Saw two of those, one shirtless man, several seizures that turned out to be exhibitions of extreme enthusiasm and lots of falling down today. The "FunFunFun Festival" is going on in Austin this weekend. I didn't want to go this year because last year I didn't even have one fun, despite the promised designation of three times the normal amount of fun. Since I don't drink I don't enjoy

Standing around(when I could be sitting, or better, laying down)

Shouting my conversation close to someones ear("WHAT?"
"I SAID THIS SUCKS!"
"OH YEAH. GET ME ANOTHER BEER WHILE YOU'RE THERE!")

Loud discordant music(sorry fans of punk rock. Your "music" is just painful noise to me. I am not cool.)

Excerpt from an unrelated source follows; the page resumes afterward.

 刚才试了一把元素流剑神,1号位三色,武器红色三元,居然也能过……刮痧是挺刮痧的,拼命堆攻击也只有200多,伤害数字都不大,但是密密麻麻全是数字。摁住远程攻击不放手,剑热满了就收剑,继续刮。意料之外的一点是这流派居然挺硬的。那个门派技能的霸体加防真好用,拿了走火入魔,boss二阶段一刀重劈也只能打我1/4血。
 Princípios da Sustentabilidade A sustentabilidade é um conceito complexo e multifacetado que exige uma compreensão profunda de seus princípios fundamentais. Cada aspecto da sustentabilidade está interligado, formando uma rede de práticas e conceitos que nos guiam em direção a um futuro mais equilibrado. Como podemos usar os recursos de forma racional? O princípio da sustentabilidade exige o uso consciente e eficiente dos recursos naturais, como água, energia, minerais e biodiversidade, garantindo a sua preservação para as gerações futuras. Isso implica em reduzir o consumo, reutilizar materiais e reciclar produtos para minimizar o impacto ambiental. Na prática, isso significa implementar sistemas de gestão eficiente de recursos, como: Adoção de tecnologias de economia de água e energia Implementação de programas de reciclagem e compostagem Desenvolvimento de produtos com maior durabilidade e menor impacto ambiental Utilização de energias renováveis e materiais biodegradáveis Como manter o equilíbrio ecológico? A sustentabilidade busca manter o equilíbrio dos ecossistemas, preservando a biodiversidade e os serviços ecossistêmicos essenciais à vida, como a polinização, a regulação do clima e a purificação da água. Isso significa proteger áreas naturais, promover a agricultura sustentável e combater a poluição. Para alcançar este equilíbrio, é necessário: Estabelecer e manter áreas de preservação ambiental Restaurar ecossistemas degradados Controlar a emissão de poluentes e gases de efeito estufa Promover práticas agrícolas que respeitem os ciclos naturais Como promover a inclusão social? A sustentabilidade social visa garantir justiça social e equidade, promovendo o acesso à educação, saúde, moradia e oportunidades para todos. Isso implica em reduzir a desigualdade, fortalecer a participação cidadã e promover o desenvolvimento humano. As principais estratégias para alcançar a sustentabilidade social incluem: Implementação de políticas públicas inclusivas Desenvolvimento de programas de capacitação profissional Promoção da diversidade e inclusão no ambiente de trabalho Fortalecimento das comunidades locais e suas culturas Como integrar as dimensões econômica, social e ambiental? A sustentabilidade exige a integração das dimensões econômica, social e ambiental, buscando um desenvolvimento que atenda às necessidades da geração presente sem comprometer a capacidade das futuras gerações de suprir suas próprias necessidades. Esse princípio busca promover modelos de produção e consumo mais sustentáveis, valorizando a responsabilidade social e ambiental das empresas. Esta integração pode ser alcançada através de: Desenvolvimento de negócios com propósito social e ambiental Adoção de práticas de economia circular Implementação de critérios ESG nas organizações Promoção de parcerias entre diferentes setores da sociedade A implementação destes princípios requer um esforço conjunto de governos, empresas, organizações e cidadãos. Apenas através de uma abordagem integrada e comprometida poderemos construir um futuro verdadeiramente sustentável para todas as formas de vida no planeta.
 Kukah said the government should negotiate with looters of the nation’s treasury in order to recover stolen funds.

So our plan was that Jeff would go while I stayed home with Ruby. Then, my mother spontaneously decided to watch Ruby OVERNIGHT, which made me feel an immediate and urgent need to do something. I called everyone I knew, only to find out that they were down at the fest. I was desperate. Finally, after finding nothing to do, I went down there and snuck in, a decision I would quickly regret.

People really seem to love this "music". They will stand still for long periods of time, nodding or gyrating while they watch a tiny figure on a stage far away, listening to the same music they could download for free while laying down on the sofa.
We ran around after the festival with our friend JMart. He is the most guilelessly cheerful person we know. Imagine drunk Winnie the Pooh carrying a nap sack and greeting every passerby.

"Hey! Hot Dogs!" he shouted as we passed a couple eating hot dogs."All right! Hot dogs!"

Passing a freakishly skinny and circus-tall reveler-
"Hey dude you're tall! You rock!" as he attempts to give the man a high-five.

Later
"Hey! Jean shorts! All right man, jean shorts!"

Later(to what is clearly, in my eyes at least, an aimless drifter looking to cut our throat and steal our change)

"Where's the party man? You need a ride?"

Jmart had Jeff's sweater in his nap sack, and when it got cold Jeff began to focus obsessively on getting it back.
"Jmart keeps running off. I need my jumper."
Me-"Your WHAT?"
"My jumper. You know, I'm cold."
"What the fuck is a jumper?"
"That's what they're called dude."
Me-"We are not in England Jeff."
Even the gays find the word jumper too gay. Unless you are a freshly scrubbed schoolgirl, you are wearing a sweater.

Jmart-
"Hey! How's your jumper? All right!"

2 comments:

  1. You don't drink??? What???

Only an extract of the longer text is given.